ACTIVITY:
Set down a faithful copy of every record, and skip the pictures in it.

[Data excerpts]

++++++++

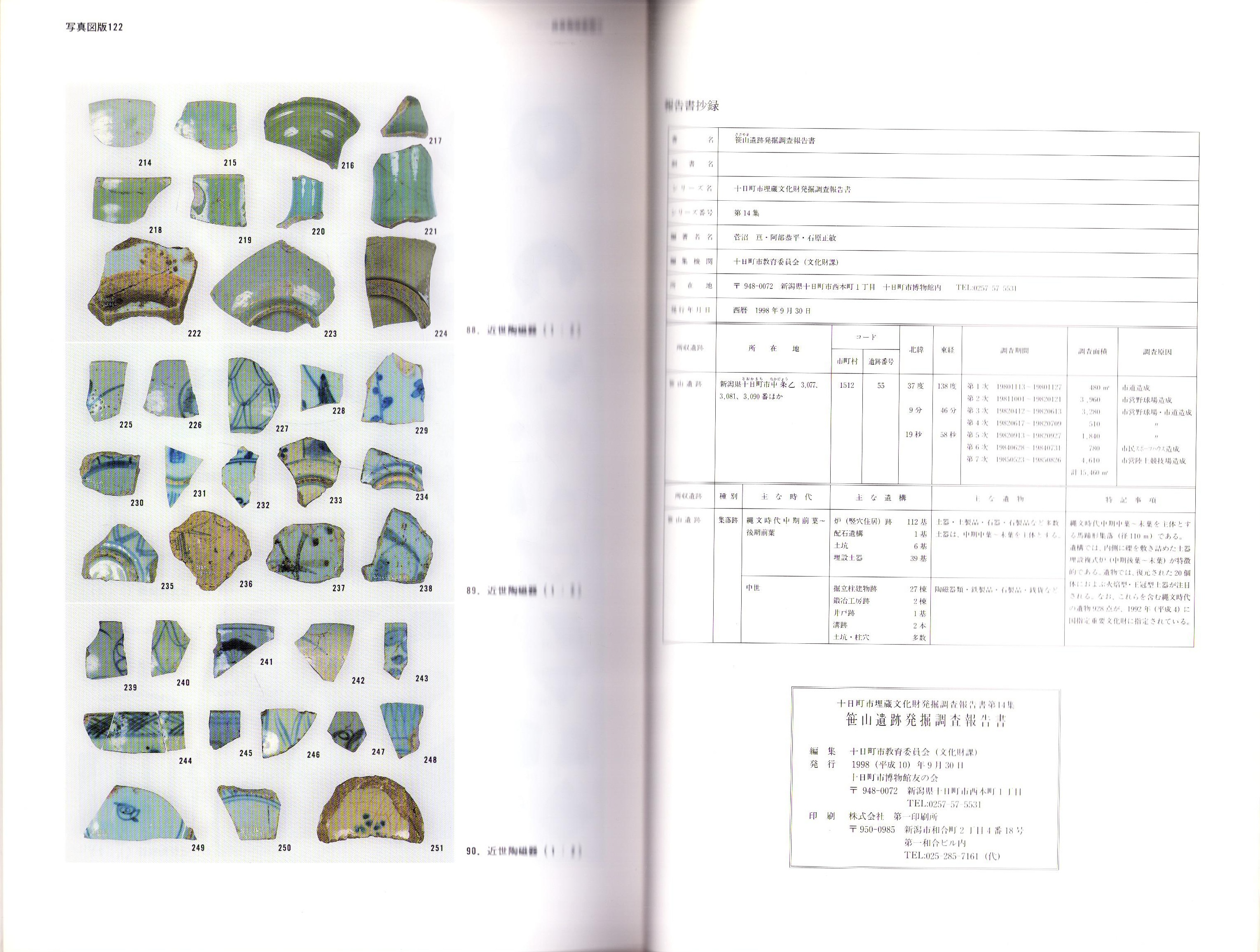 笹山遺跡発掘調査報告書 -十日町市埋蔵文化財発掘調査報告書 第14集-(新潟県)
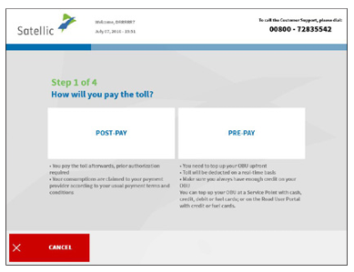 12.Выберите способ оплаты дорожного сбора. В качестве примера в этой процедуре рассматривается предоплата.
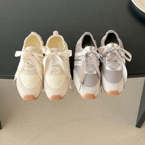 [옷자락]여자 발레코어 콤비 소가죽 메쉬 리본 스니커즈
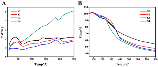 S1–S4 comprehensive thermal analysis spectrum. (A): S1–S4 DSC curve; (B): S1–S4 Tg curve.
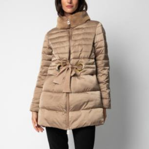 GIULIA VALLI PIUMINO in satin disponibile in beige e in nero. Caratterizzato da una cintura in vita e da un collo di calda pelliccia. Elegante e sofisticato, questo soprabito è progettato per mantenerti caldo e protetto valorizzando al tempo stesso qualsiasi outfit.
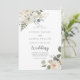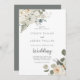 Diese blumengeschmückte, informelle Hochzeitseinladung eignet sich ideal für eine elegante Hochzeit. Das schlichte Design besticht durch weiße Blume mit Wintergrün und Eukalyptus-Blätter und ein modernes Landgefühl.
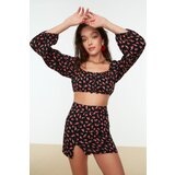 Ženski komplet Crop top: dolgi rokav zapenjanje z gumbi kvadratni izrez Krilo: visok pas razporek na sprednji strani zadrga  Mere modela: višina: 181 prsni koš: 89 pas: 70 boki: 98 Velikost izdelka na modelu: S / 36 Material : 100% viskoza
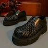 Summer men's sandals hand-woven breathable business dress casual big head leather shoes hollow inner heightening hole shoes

++++++++

SOLUTION FOR THIS EXERCISE:
 笹山遺跡発掘調査報告書 -十日町市埋蔵文化財発掘調査報告書 第14集-(新潟県)
 12.Выберите способ оплаты дорожного сбора. В качестве примера в этой процедуре рассматривается предоплата.
 [옷자락]여자 발레코어 콤비 소가죽 메쉬 리본 스니커즈
 S1–S4 comprehensive thermal analysis spectrum. (A): S1–S4 DSC curve; (B): S1–S4 Tg curve.
 GIULIA VALLI PIUMINO in satin disponibile in beige e in nero. Caratterizzato da una cintura in vita e da un collo di calda pelliccia. Elegante e sofisticato, questo soprabito è progettato per mantenerti caldo e protetto valorizzando al tempo stesso qualsiasi outfit.
 Diese blumengeschmückte, informelle Hochzeitseinladung eignet sich ideal für eine elegante Hochzeit. Das schlichte Design besticht durch weiße Blume mit Wintergrün und Eukalyptus-Blätter und ein modernes Landgefühl.
 Ženski komplet Crop top: dolgi rokav zapenjanje z gumbi kvadratni izrez Krilo: visok pas razporek na sprednji strani zadrga  Mere modela: višina: 181 prsni koš: 89 pas: 70 boki: 98 Velikost izdelka na modelu: S / 36 Material : 100% viskoza
 Summer men's sandals hand-woven breathable business dress casual big head leather shoes hollow inner heightening hole shoes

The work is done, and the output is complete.